Research School for Economic and Social History

Agenda

15 December 2022
15:00 - 17:00
University of Groningen, Duisenberg building, Blauwe Zaal, Nettelbosje 2, 9747 AE Groningen

NEW DATE Maddison Lecture Professor William Easterly – ‘Western Development Efforts: Altruism vs Self-Interest

This event, originally scheduled for 27 October, has now been rescheduled to 15 December 2022

Annually, the Groningen Growth and Development Centre (GGDC) organises the Maddison Lecture at the University of Groningen. This year’s lecture will be delivered by Professor William Easterly, Professor of Economics at New York University and Co-director of the NYU Development Research Institute. The Maddison lectures have been organised since 2011. The aim of these lectures is to bring leading scholars from around the world to Groningen to present on major topics of economic growth and development in a historical and comparative perspective, thus following the footsteps of Angus Maddison, who laid the foundations of research in this discipline at our university. The event is sponsored by the GGDC and by the SOM Research School of the Faculty of Economics and Business. The event is freely accessible.

About the speaker

William Easterly is Professor of Economics at New York University and Co-director of the NYU Development Research Institute. He is the author of three books: The Tyranny of Experts: Economists, Dictators, and the Forgotten Rights of the Poor (March 2014), The White Man’s Burden: Why the West’s Efforts to Aid the Rest Have Done So Much Ill and So Little Good (2006), which won the FA Hayek Award from the Manhattan Institute, and The Elusive Quest for Growth: Economists’ Adventures and Misadventures in the Tropics (2001).

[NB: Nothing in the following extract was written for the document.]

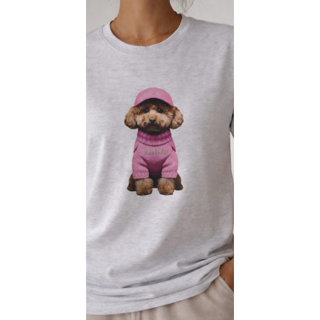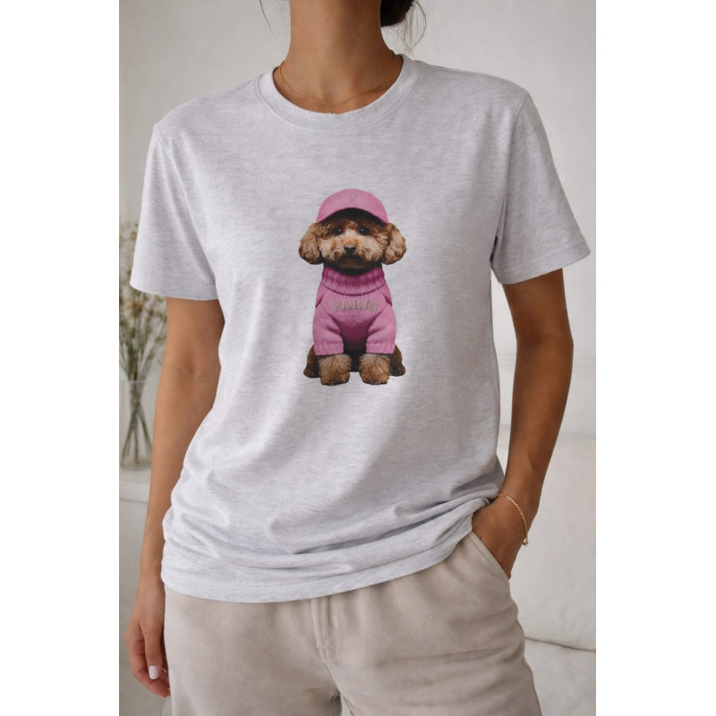 T-shirt damski bawełniany PUDELEK TOY NOODA jasno szary

He has published more than 60 peer-reviewed academic articles, and has written columns and reviews for the New York Times, Wall Street Journal, Financial Times, New York Review of Books, and Washington Post. He has served as Co-Editor of the Journal of Development Economics and as Director of the blog Aid Watch. He is a Research Associate of NBER, and senior fellow at BREAD. Foreign Policy Magazine named him among the Top 100 Global Public Intellectuals in 2008 and 2009, and Thomson Reuters listed him as one of Highly Cited Researchers of 2014.